The paper is structured as follows: Sect. 2 gives a brief introduction to selected cloud services, systems and benchmarking tools. Section 3 describes AISLE, and Sect. 4 presents our application of AISLE to the EBS service. In Sect. 5, we use the model developed in Sect. 4 to evaluate our approach before discussing related work (Sect. 6) and coming to a conclusion (Sect. 7).

2 Background

In this section, we will briefly introduce cloud services, systems, and tools which we will refer to later.

Amazon Web Services: The Amazon EC2 service offers virtual machines (EC2 instances). EC2 instances have an instance type which determines the amount of resources, e.g., virtual CPU cores or memory, available to applications running on that instance. For disk storage, EC2 instances can use either ephemeral disk or EBS volumes, instances of the Amazon EBS service. EBS volumes come in different sizes and have a type (e.g., Provioned IOPS) which determines the service level and the amount of dedicated bandwidth.

Apache Cassandra: Cassandra, a NoSQL system initially developed as a write-efficient database for the Facebook message inbox [10], is maintained as Apache project and widely used, e.g., by Netflix. Cassandra implements the Dynamo replication architecture [7] and a BigTable-inspired schemaless data model and storage engine [4].

Flexible I/O Tester: The Flexible I/O Tester (FIO)Footnote 3 is a tool for studying disk or network performance metrics on Linux systems. FIO works by synthetically creating workloads based on a stochastic model and offers extensive configuration options which makes it particularly suitable for our needs.

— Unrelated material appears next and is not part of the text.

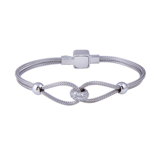 Rhodium Plated 925 Sterling Silver Intertwine CZ Bracelet - ECB00045RH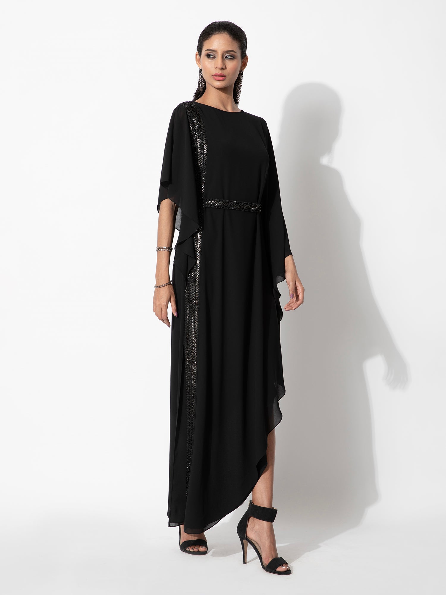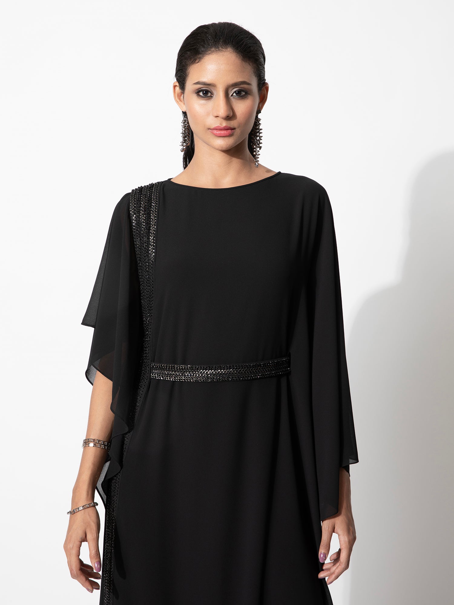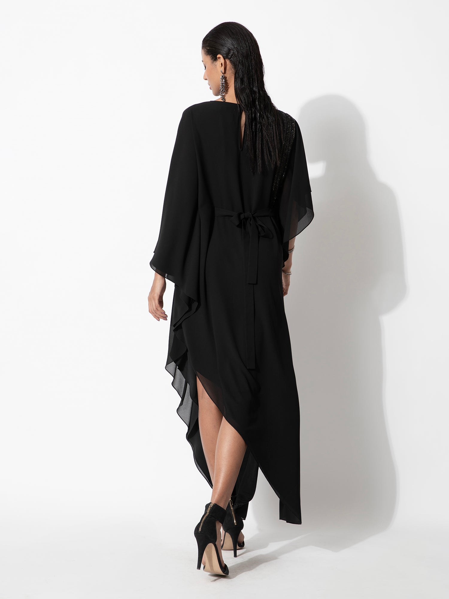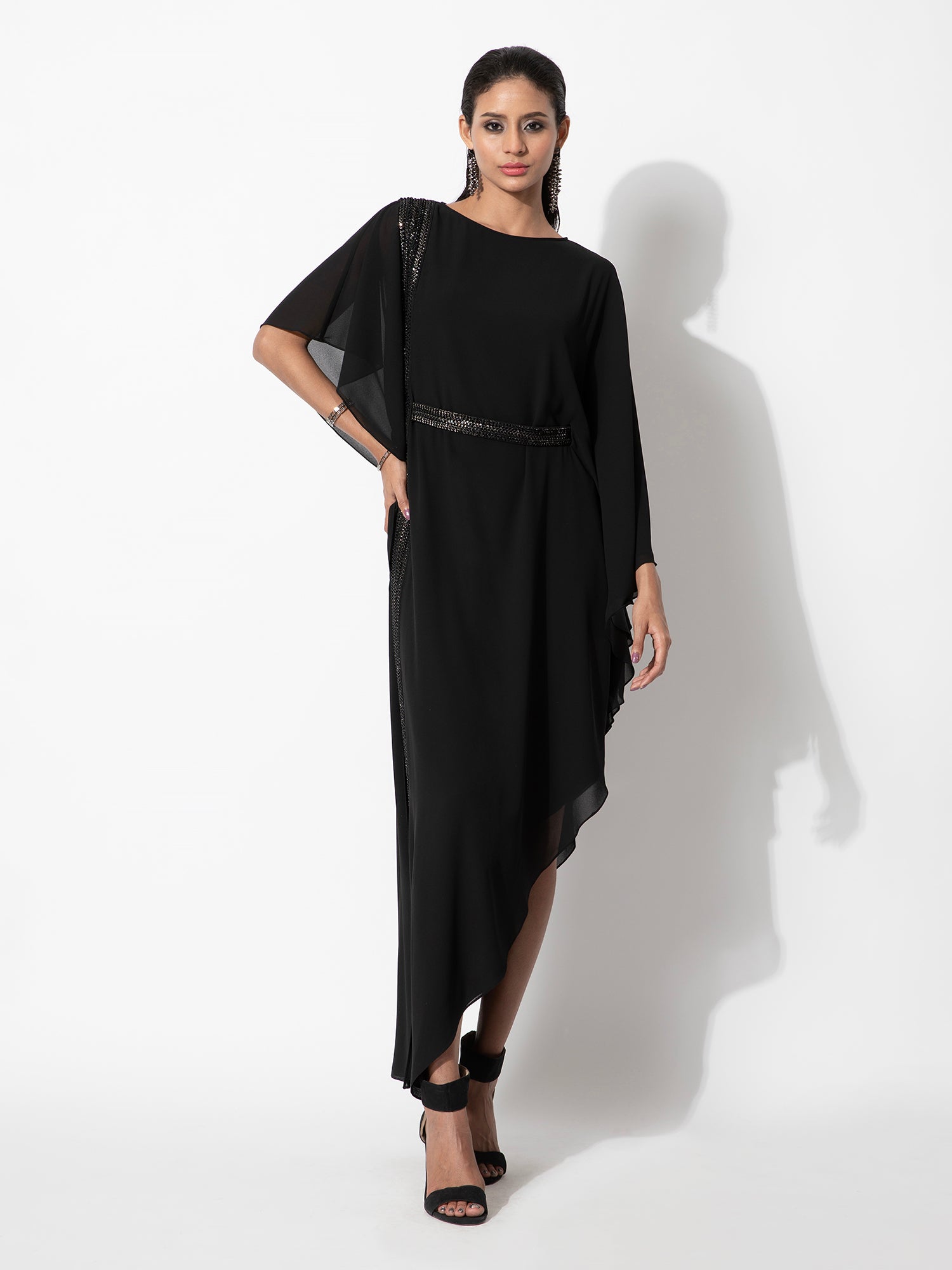 Long Tunic Kaftan with draped asymmetrical sleeves and a side slit featuring embellishments on the belt and side seam.

Yahoo! Cloud Serving Benchmark: The Yahoo! Cloud Serving Benchmark (YCSB) [5] is an extensible, modular benchmarking tool which emulates clients of a distributed database system and measures client-side performance metrics. YCSB comes with a set of standard workloads of which we use workloads A and B; A is a write-heavy (50 % read and 50 % update requests), B a read-heavy (95 % reads and 5 % updates) workload. We use both workloads with a uniform request distribution.

3 Assessing Cloud Service Levels

In this section, we describe AISLE, which transforms monitoring data into a quality metric-independent score describing how close the specific metric is to an ESL. As cloud providers give very few guarantees in SLAs, we first discuss how a (potentially complex) model – describing service levels a cloud service user could realistically observe – can be developed. Afterwards, we introduce three metrics which describe how a given monitoring value ranks compared to said model. These metrics can then be used to easily identify cloud services where additional resources are likely to have a strong effect on the database system.

3.1 Deriving a Model for Expected Service Levels

Cloud providers rarely offer SLAs that characterize service levels a database administrator can expect from the cloud service(s) the database is running on. If any, these SLAs typically give very limited guarantees [2]. Beyond these explicitly guaranteed service levels, additional information can be gained from documentation or via infrastructure benchmarking – this information describes service levels that are not guaranteed but which can still be realistically expected in database deployments. Explicit SLAs will typically be very precise, guaranteeing concrete metric values, e.g., a compute service might guarantee a minimum number of 1.5 Tera Flops per virtual machine. Implicit SLAs, in contrast, could be based on large data sets describing relative frequencies of values measured, e.g., EC2 instances would, based on [12], have a distribution function with two peaks characterizing their computation power. Alternatively, a documentation-based implicit SLA could require a relatively complex model, as we will see later in this paper. In any case, a model for ESLs should describe relative frequencies of service levels which can be expected when using that specific cloud service, i.e., an ESL is only for the most simplistic scenario a single value but will typically be a distribution of values. Also, even the “best”Footnote 4 value of an ESL is not necessarily the “best” value which can be reached – positive outliers are always possible – but it describes service levels that can be realistically reached in practice.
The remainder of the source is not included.